WHAT TO WORK ON: Please reproduce the entries exactly as they appear below, but not the pictures.

Records contained in a dataset:
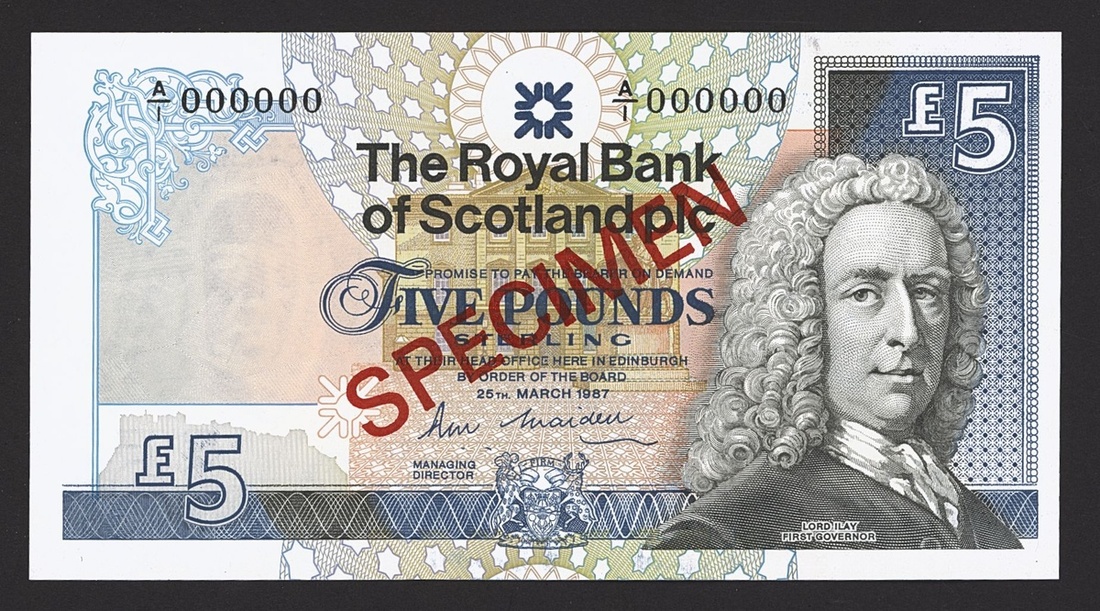 The Royal Bank of Scotland, specimen £5, ND (1987-88), serial number A/1 000000, (PMS RB86, Pick 347s), uncirculated
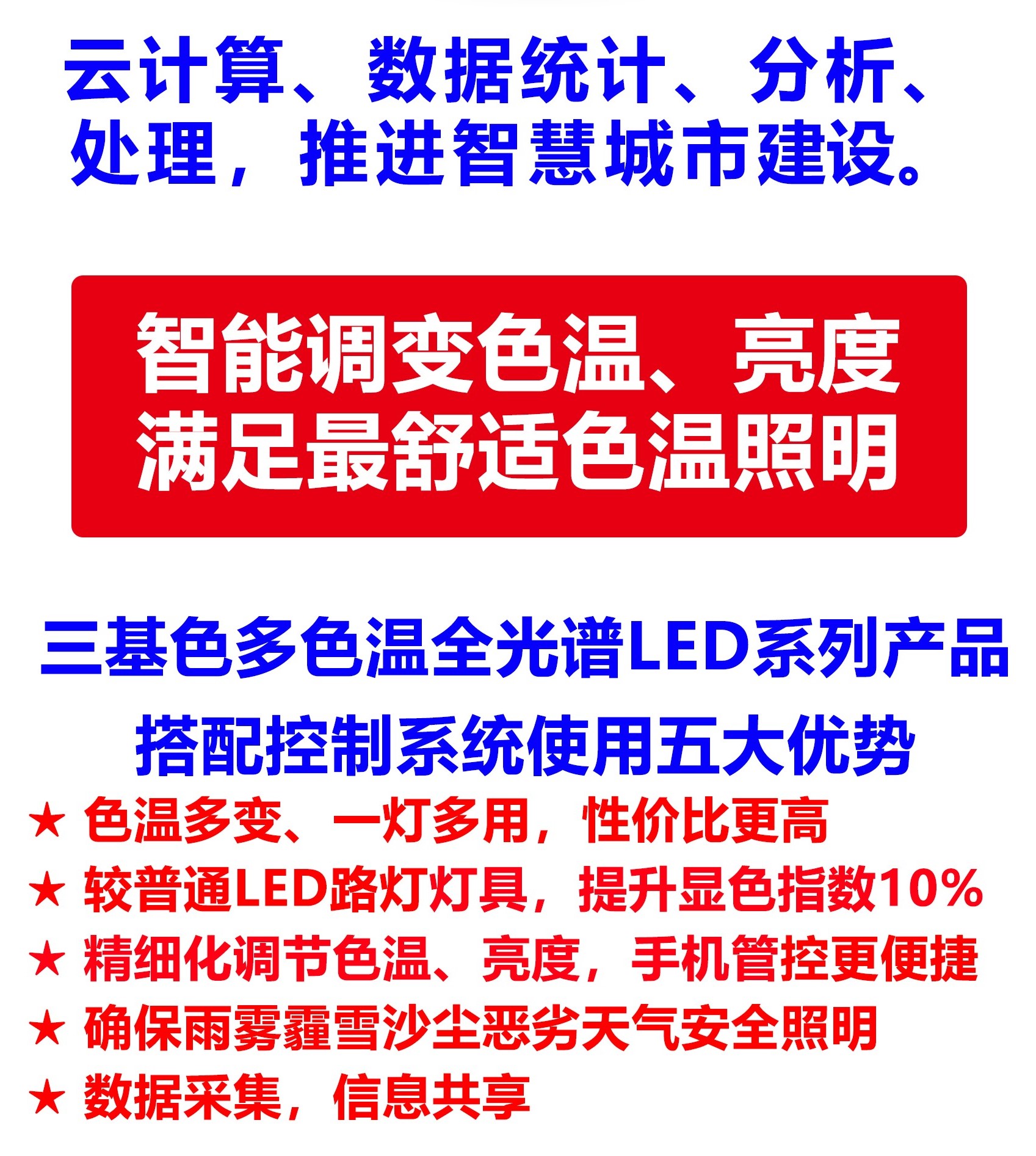 四、一盞三基色多色溫全光譜LED人工智能路燈色溫照明,可替代多盞普通單色溫LED路燈色溫照明,性價比更高,有效提高顯色指數(shù)、光效10%,色彩鮮艷度15%,燈具使用壽命更長。
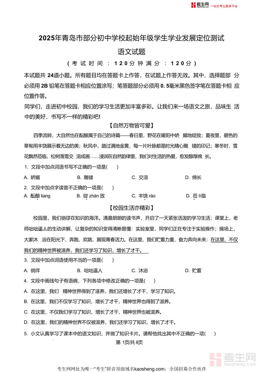 适用人群为山东省青岛市及周边地区七年级语文学生、初中语文教师及承担孩子学业辅导任务的家长;该资料的必要性在于其直接反映本地期中命题规律与考查侧重点,帮助学生提前适应考试节奏与答题要求;不可替代性体现在它是青岛部分初中实际使用的期中试题原卷,具有极强的地域针对性与实战参考价值;长期价值则在于助力学生巩固七年级上学期语文核心知识点,培养规范答题习惯与深度阅读思维,为后续语文学习积累扎实基础与方法经验。
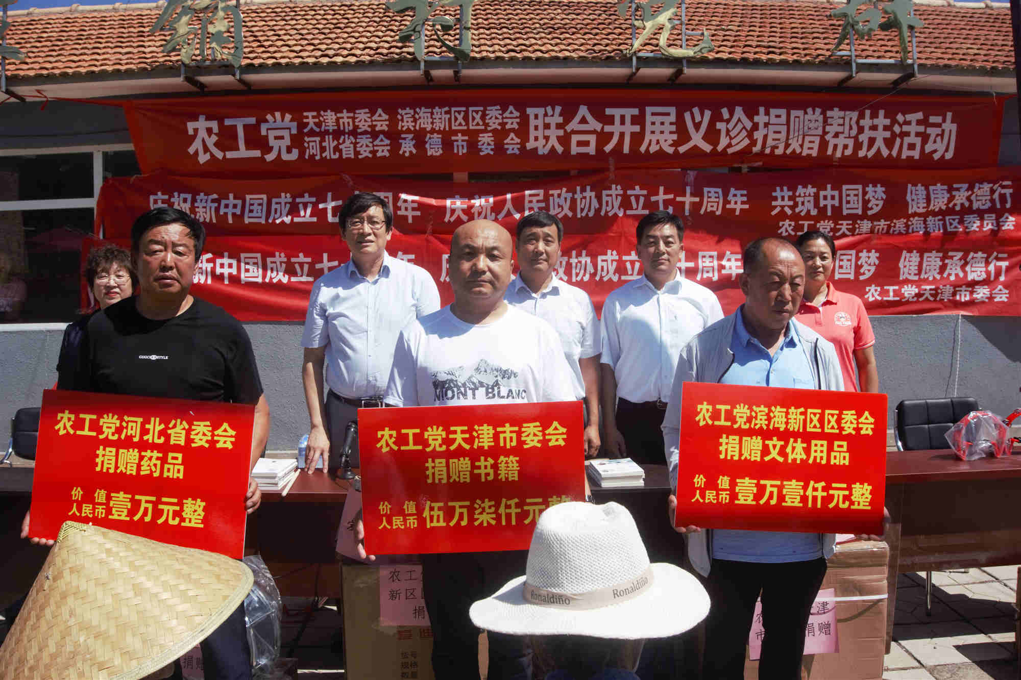 8月8日,農(nóng)工黨河北省委、天津市委、承德市委、天津?yàn)I海新區(qū)區(qū)委聯(lián)合到承德市隆化縣西阿超鄉(xiāng)楊家鋪村開展義診捐贈(zèng)幫扶活動(dòng)。農(nóng)工黨河北省委專職副主委經(jīng)順波出席活動(dòng)并講話,承德市政協(xié)副主席、農(nóng)工黨市委主委郭靖濤主持活動(dòng)儀式,農(nóng)工黨天津?yàn)I海新區(qū)區(qū)委專職副主委高貴玲、農(nóng)工黨承德市委專職副主委谷雪芬、承德隆化縣政協(xié)副主席代海紅參加活動(dòng)。
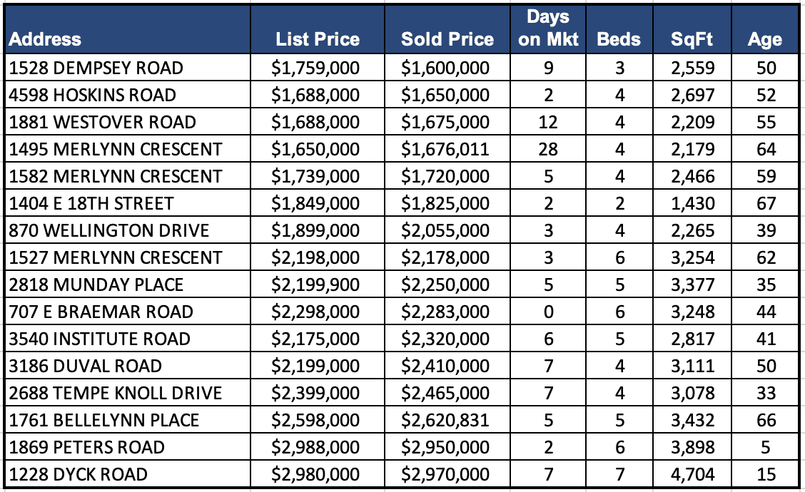 There were 16 detached homes sold in June with an average sale price of $2,165,490 (median = $2,214,000)

RESPONSE TO THIS EXERCISE:
 The Royal Bank of Scotland, specimen £5, ND (1987-88), serial number A/1 000000, (PMS RB86, Pick 347s), uncirculated
 四、一盞三基色多色溫全光譜LED人工智能路燈色溫照明,可替代多盞普通單色溫LED路燈色溫照明,性價比更高,有效提高顯色指數(shù)、光效10%,色彩鮮艷度15%,燈具使用壽命更長。
 适用人群为山东省青岛市及周边地区七年级语文学生、初中语文教师及承担孩子学业辅导任务的家长;该资料的必要性在于其直接反映本地期中命题规律与考查侧重点,帮助学生提前适应考试节奏与答题要求;不可替代性体现在它是青岛部分初中实际使用的期中试题原卷,具有极强的地域针对性与实战参考价值;长期价值则在于助力学生巩固七年级上学期语文核心知识点,培养规范答题习惯与深度阅读思维,为后续语文学习积累扎实基础与方法经验。
 8月8日,農(nóng)工黨河北省委、天津市委、承德市委、天津?yàn)I海新區(qū)區(qū)委聯(lián)合到承德市隆化縣西阿超鄉(xiāng)楊家鋪村開展義診捐贈(zèng)幫扶活動(dòng)。農(nóng)工黨河北省委專職副主委經(jīng)順波出席活動(dòng)并講話,承德市政協(xié)副主席、農(nóng)工黨市委主委郭靖濤主持活動(dòng)儀式,農(nóng)工黨天津?yàn)I海新區(qū)區(qū)委專職副主委高貴玲、農(nóng)工黨承德市委專職副主委谷雪芬、承德隆化縣政協(xié)副主席代海紅參加活動(dòng)。
 There were 16 detached homes sold in June with an average sale price of $2,165,490 (median = $2,214,000)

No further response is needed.